** Task description **
For this exercise, retype the lines from the one that holds "Monsieur Philippe PERRAUDEAU." through the one that holds "(香港,5月16日) 為響應英國烹飪節目《大城小廚》主持人兼靚仔廚神傑米•奧利佛 (Jamie" in the records below, both included, exactly and without pictures.

[Material to process Boundary: Start]

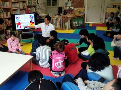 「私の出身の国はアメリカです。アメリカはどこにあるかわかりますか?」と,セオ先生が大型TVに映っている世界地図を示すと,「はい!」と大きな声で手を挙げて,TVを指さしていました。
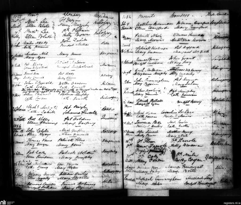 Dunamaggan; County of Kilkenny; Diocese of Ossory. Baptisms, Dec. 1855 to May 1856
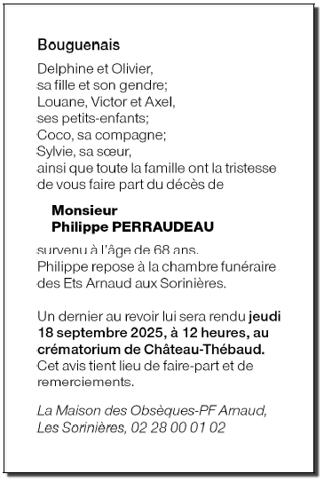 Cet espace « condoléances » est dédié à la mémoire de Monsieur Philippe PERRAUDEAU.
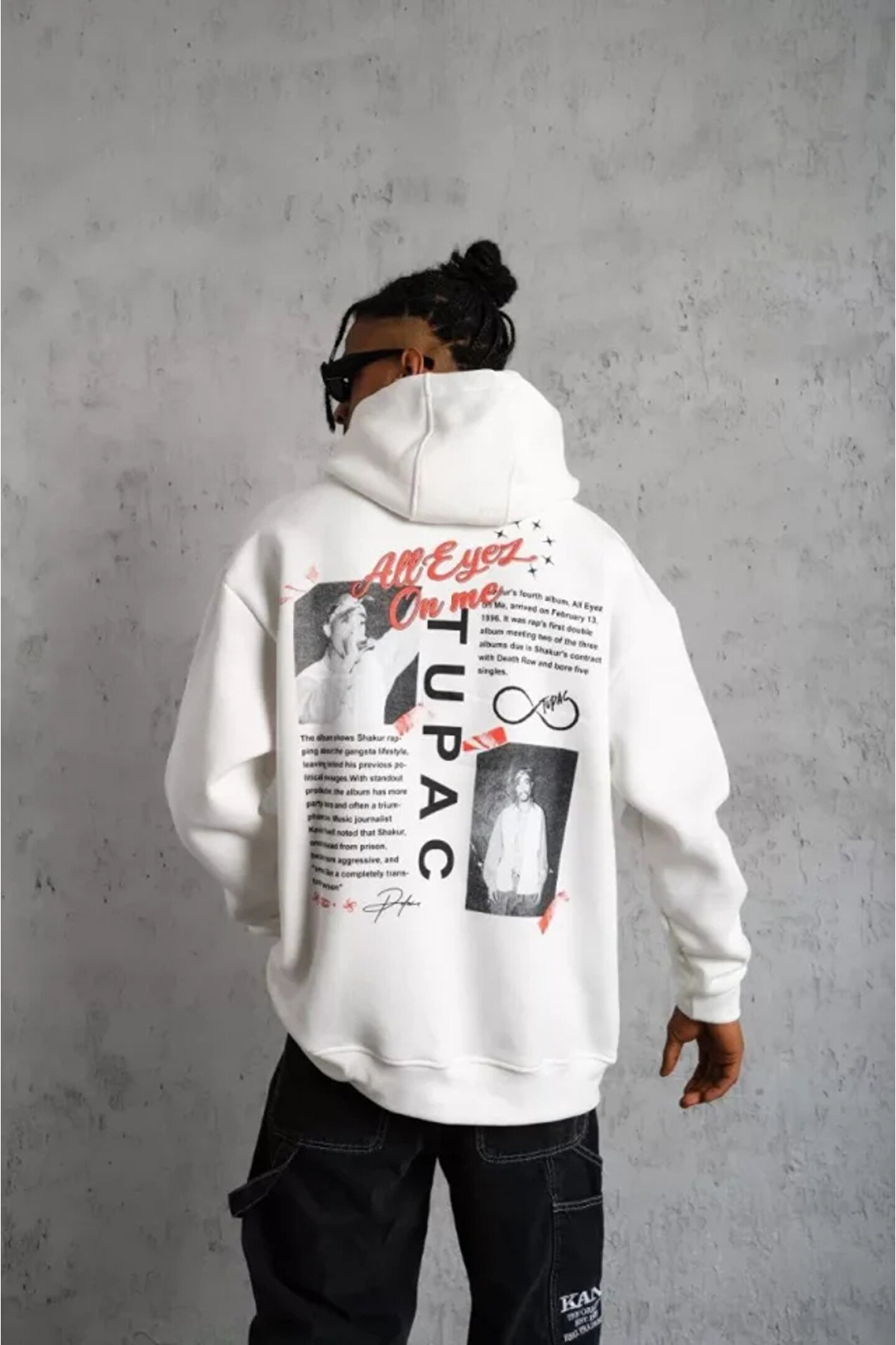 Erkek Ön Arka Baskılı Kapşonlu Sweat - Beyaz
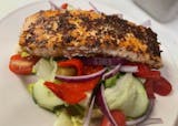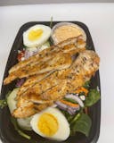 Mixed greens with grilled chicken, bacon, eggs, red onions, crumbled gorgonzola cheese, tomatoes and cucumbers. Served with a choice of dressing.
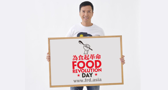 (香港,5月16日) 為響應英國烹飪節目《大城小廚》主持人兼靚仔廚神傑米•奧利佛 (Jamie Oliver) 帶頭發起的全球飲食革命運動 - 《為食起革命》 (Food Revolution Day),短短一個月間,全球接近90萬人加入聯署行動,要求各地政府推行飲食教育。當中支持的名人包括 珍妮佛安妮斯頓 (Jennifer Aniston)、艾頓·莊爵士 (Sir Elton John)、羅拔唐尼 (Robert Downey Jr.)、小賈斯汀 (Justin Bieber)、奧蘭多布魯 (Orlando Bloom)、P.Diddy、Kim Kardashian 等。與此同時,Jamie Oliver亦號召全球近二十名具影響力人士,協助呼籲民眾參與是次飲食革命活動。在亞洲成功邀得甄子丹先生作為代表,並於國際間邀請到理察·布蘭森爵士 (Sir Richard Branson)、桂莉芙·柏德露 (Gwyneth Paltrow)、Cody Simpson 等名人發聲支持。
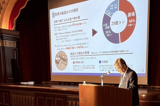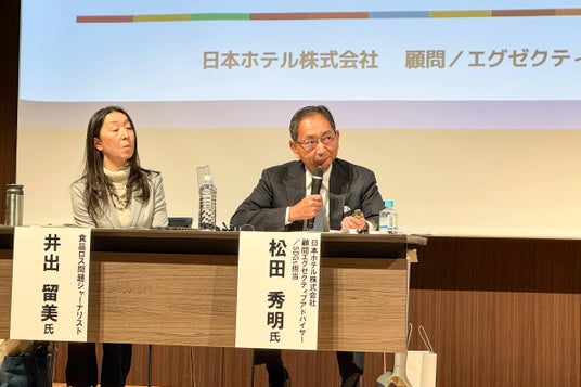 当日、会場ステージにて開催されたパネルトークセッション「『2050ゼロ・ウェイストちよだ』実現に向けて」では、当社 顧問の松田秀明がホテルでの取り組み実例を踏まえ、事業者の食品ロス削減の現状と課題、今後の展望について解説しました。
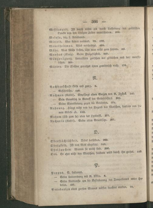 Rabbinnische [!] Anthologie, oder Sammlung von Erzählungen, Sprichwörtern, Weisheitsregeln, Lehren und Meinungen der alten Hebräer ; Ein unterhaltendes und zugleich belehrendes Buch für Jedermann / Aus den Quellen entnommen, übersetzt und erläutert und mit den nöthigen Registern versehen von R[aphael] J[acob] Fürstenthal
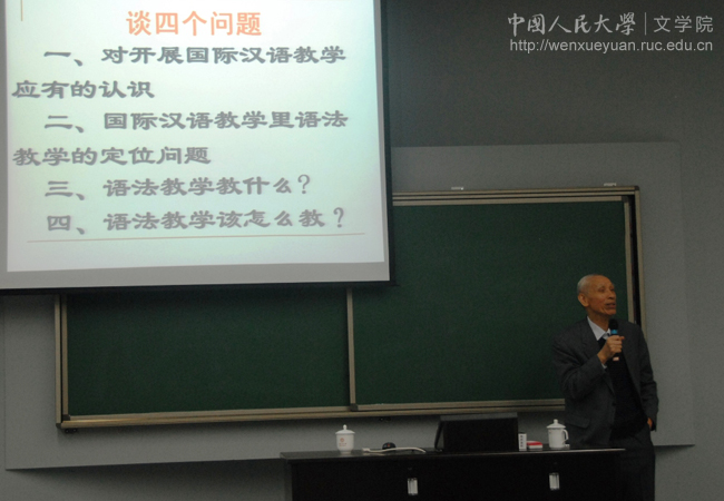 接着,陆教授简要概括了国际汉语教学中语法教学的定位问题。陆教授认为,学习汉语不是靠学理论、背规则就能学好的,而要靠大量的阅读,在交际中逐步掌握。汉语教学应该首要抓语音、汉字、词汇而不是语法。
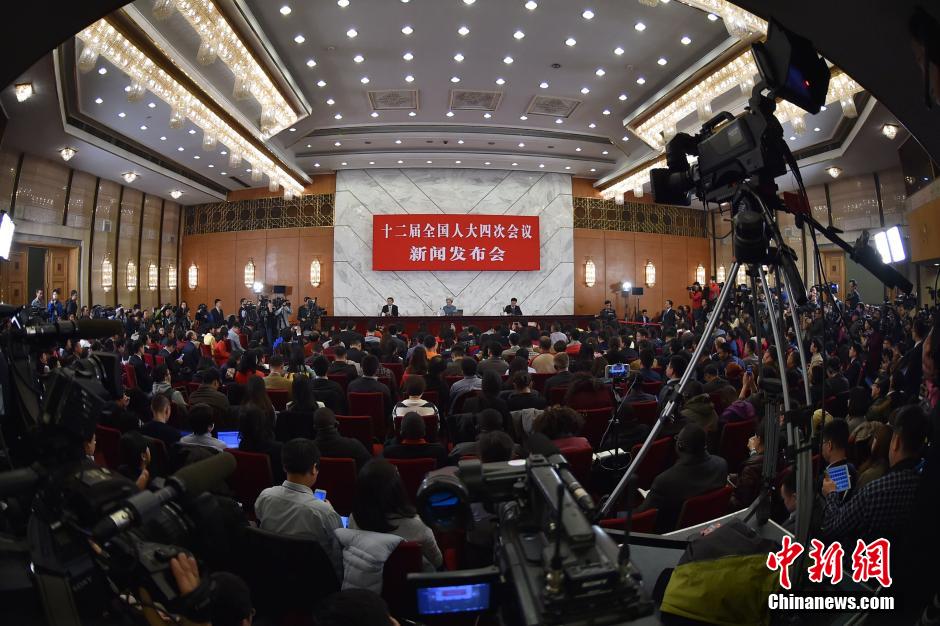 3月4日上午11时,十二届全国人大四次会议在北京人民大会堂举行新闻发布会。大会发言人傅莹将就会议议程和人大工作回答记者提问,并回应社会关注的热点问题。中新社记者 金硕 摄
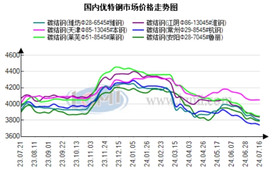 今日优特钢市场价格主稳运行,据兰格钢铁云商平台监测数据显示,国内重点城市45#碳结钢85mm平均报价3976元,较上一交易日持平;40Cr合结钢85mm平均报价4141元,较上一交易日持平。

[Material to process Boundary: End]
[Material to process Boundary: Start]

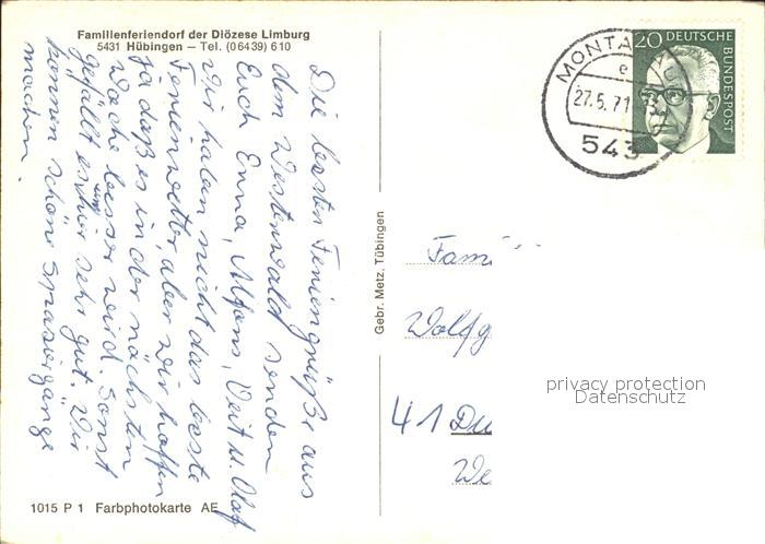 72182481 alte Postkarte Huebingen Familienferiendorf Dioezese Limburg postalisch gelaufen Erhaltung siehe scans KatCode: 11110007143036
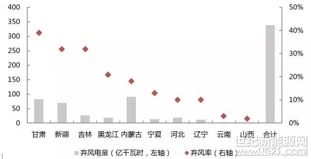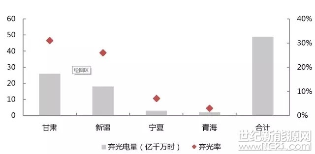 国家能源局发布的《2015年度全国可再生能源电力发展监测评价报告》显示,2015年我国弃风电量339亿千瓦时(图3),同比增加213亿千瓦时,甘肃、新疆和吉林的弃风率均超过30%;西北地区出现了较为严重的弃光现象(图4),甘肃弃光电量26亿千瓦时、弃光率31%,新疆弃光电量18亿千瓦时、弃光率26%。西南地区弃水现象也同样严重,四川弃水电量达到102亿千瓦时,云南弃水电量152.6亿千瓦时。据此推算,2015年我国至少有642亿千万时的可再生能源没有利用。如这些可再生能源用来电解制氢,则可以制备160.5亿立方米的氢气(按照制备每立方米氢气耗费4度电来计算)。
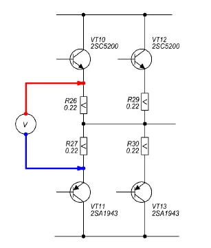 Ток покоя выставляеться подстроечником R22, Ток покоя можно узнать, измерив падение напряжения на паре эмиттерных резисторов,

[Material to process Boundary: End]

** Response to this exercise **
 Cet espace « condoléances » est dédié à la mémoire de Monsieur Philippe PERRAUDEAU.
 Erkek Ön Arka Baskılı Kapşonlu Sweat - Beyaz
 Mixed greens with grilled chicken, bacon, eggs, red onions, crumbled gorgonzola cheese, tomatoes and cucumbers. Served with a choice of dressing.
 (香港,5月16日) 為響應英國烹飪節目《大城小廚》主持人兼靚仔廚神傑米•奧利佛 (Jamie Oliver) 帶頭發起的全球飲食革命運動 - 《為食起革命》 (Food Revolution Day),短短一個月間,全球接近90萬人加入聯署行動,要求各地政府推行飲食教育。當中支持的名人包括 珍妮佛安妮斯頓 (Jennifer Aniston)、艾頓·莊爵士 (Sir Elton John)、羅拔唐尼 (Robert Downey Jr.)、小賈斯汀 (Justin Bieber)、奧蘭多布魯 (Orlando Bloom)、P.Diddy、Kim Kardashian 等。與此同時,Jamie Oliver亦號召全球近二十名具影響力人士,協助呼籲民眾參與是次飲食革命活動。在亞洲成功邀得甄子丹先生作為代表,並於國際間邀請到理察·布蘭森爵士 (Sir Richard Branson)、桂莉芙·柏德露 (Gwyneth Paltrow)、Cody Simpson 等名人發聲支持。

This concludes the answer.